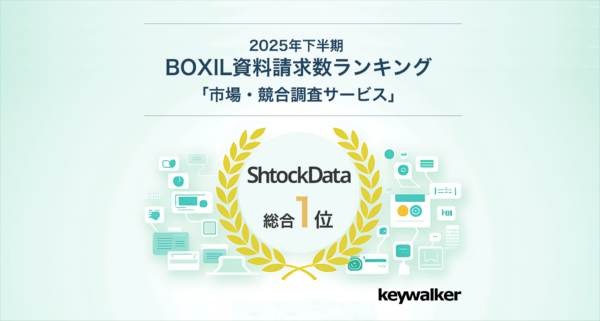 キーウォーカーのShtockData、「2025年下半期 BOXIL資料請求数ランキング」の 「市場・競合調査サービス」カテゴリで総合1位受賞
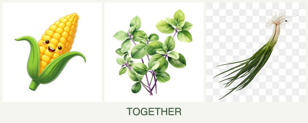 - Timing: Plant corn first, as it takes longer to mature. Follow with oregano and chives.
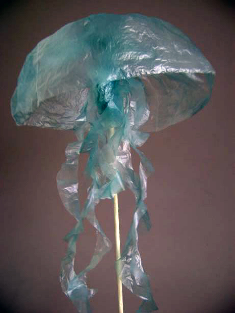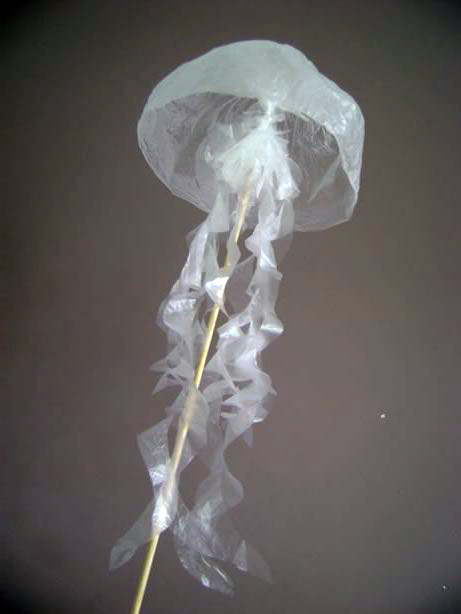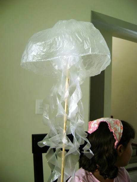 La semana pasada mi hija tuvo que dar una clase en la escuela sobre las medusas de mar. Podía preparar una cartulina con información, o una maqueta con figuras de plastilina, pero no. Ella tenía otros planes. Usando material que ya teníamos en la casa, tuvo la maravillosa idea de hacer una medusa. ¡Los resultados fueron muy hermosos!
# # # # #
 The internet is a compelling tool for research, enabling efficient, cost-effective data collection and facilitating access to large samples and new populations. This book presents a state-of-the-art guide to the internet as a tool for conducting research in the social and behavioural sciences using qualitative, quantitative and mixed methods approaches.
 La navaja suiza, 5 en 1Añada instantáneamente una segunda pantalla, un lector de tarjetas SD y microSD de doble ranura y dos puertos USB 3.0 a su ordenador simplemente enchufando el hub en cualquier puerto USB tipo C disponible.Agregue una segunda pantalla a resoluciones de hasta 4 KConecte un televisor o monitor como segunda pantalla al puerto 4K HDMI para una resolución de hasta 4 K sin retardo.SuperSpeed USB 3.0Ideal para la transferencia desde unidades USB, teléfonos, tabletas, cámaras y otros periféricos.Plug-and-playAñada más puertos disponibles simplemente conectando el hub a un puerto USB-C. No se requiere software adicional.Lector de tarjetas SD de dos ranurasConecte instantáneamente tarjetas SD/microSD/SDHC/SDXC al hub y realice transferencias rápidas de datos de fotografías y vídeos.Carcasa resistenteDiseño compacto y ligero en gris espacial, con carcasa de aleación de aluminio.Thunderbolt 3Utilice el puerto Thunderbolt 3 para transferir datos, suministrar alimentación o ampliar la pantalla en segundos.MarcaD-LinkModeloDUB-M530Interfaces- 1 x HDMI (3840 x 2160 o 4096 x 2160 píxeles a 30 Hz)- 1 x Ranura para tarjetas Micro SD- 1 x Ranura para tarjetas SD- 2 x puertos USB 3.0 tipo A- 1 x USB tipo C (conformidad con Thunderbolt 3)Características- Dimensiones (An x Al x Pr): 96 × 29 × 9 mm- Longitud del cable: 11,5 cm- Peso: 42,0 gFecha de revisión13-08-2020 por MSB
# # # # #
§ Work task: Lines wanted from the entries above: the one with "- Timing: Plant", the one with "La semana pasada", and all lines between. Please copy them exactly, without the pictures and without anything else.

§ Result for this task:
 - Timing: Plant corn first, as it takes longer to mature. Follow with oregano and chives.
 La semana pasada mi hija tuvo que dar una clase en la escuela sobre las medusas de mar. Podía preparar una cartulina con información, o una maqueta con figuras de plastilina, pero no. Ella tenía otros planes. Usando material que ya teníamos en la casa, tuvo la maravillosa idea de hacer una medusa. ¡Los resultados fueron muy hermosos!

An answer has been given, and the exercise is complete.